Current Update on the Treatment of Genital Warts

Valerie R Yanofsky; Rita V Linkner; David Pompei; Gary Goldenberg


Expert Rev Dermatol. 2013;8(3):321-332. 

In This Article

HPV Malignancy

Malignancy is typically associated with high-risk types of HPV, especially with types 6 and 11; however, low-risk type association has been observed. Verrucous carcinoma (VC), a low-grade, well-differentiated form of SCC, is believed to be associated with both high- and low-risk genotypes.[26] VC can be divided into three distinct clinicopathologic types based on anatomic area of involvement: oral florid papillomatosis (oral cavity), giant condyloma of Buschke and Löwenstein (anogenital area), and carcinoma cuniculatum (palmoplantar surface). These tumors rarely metastasize, typically spreading through local invasion.[27] While the authors are yet to establish a direct causal relationship between HPV and VC, persistent HPV infection and viral oncogene expression is known to promote the degradation of the p53 tumor suppression gene, which may result in a lower threshold for tumor formation.[28]
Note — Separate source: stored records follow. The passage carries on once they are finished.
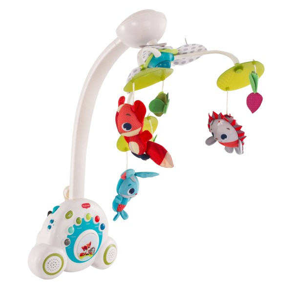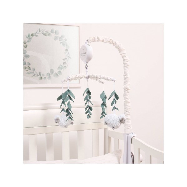 Counting sheep will lull your little one to sleep with a Farmhouse Sheep Ring Baby Crib Musical Mobile from The Peanutshell. Two stuffed sheep are suspended from central ring, accented with green felt leaves. Pairs wonderfully with the Farmhouse collection or perfectly suitable on its own. The mobile plays up to 12 songs with a digital music box; AA batteries required.
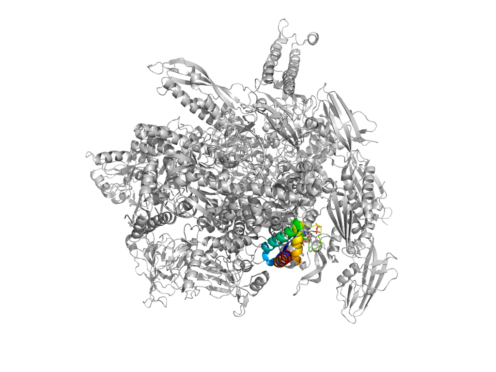 e8fvwF10 F:939-1044 Helical hairpin insertion in E. coli DNA-directed RNA polymerase beta subunit Helical hairpin insertion in E. coli DNA-directed RNA polymerase beta subunit Helical hairpin insertion in E. coli DNA-directed RNA polymerase beta subunit
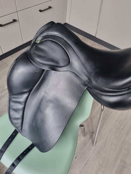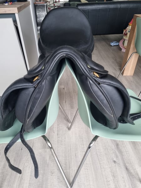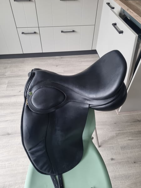 Nog een prima zadel met wel een lichte beschadiging zie foto. Mooie achterkant. Ik verkoop deze omdat hij niet meer goed op mijn paard ligt. Hij is nu maximaal gevuld. Hulsebos 18 inch Medium wide impuls Gemaakt: 02-09-2019. Bij vragen neem contact op.
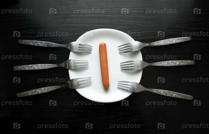 Сосиска на тарелке и шесть вилок вокруг
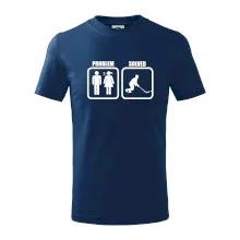 Vtipné triko pro hokejistu! Máš doma nějaký problém? Tak vezmi brusle a běž si na zimák zahrát hokej. Triko pro hokejistu jako vhodný dárek pro každého, kdo má rád hokej.
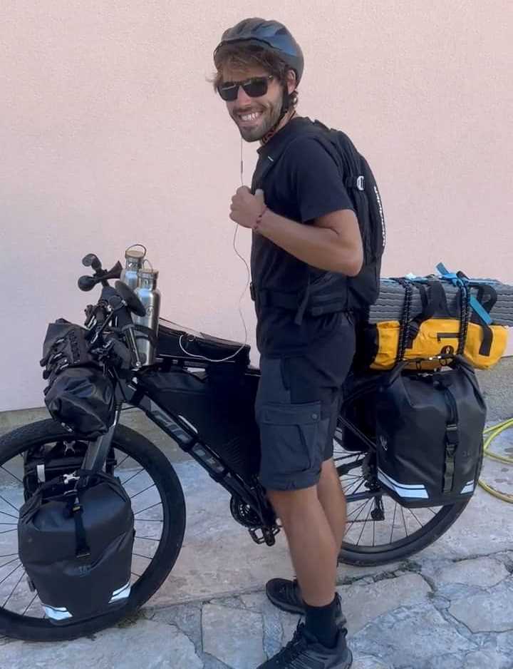 Φεύγοντας από την Ιταλία, ο ποδηλάτης γνώρισε το έδαφος των Βαλκανίων δηλ. την Σλοβενία, την Κροατία, το Μαυροβούνιο, την Αλβανία, φτάνοντας πριν λίγες μέρες στην Ελλάδα. Από εδώ θα συνεχίσει για την Τουρκία, όπου σχεδιάζει να σταματήσει για μεγαλύτερη παραμονή. Προγραμματίζει να επισκεφτεί την Κωνσταντινούπολη και την Καππαδοκία, θα συνεχίσει προς το Ιράκ, το Ιράν, το Πακιστάν, την Ινδία, το Μπαγκλαντές, τη Μιανμάρ και τέλος, καλώς εχόντων των πραγμάτων, να καταλήξει στον πολυαναμενόμενο προορισμό, την Ταϊλάνδη. Το ψευδώνυμο του είναι viagatoro από το ''viagatore'' που σημαίνει «Ταξιδευτής».

VC can vary in histopathologic appearance from benign lesions resembling pseudoepitheliomatous hyperplasia to VCs that are virtually indistinguishable from invasive SCC. Characteristic features of genital warts, such as vacuolation and prominent keratohyalin granules in the stratum granulosa, are not always detectable.[29,30] For more ambiguous lesions, VC and SCC may be differentiated based upon their immunoperoxidase staining pattern – more specifically, staining samples with p53 and Ki-67 will target the nuclei of basal proliferating cells, which are located predominantly in the lower third of the epidermis in VC. This can be contrasted with the staining pattern of SCC, which will be positive for these same markers throughout the full thickness of the epidermis.[31]
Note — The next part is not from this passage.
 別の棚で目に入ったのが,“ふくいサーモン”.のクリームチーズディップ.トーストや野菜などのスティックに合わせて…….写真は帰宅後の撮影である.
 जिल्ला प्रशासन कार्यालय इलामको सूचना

A further complication of HPV infections, as mentioned previously, is the increased risk for malignant progression, especially cervical dysplasia and a long-term risk of invasive cancer.[32] While most HPV infections will ultimately clear spontaneously, one-third of EGW harbor high-risk HPV[4] and 10–20% of exposed women will develop persistent oncogenic infections that are associated with a greater risk of progression to cervical intraepithelial neoplasm (CIN) grade II/III. These are thought to be precancerous lesions, which, if left untreated, may eventually give rise to invasive cervical cancer.[33] Penile cancer, which is less common, has shown a strong correlation to both high-risk HPV infection and a history of persistent EGW. This is evidenced by a case–control study involving over 100 men with penile cancer, which identified the risk of penile cancer to be 5.9-times higher in men with a history of EGW when compared with those without (95% CI: 2.1–17.6).[34]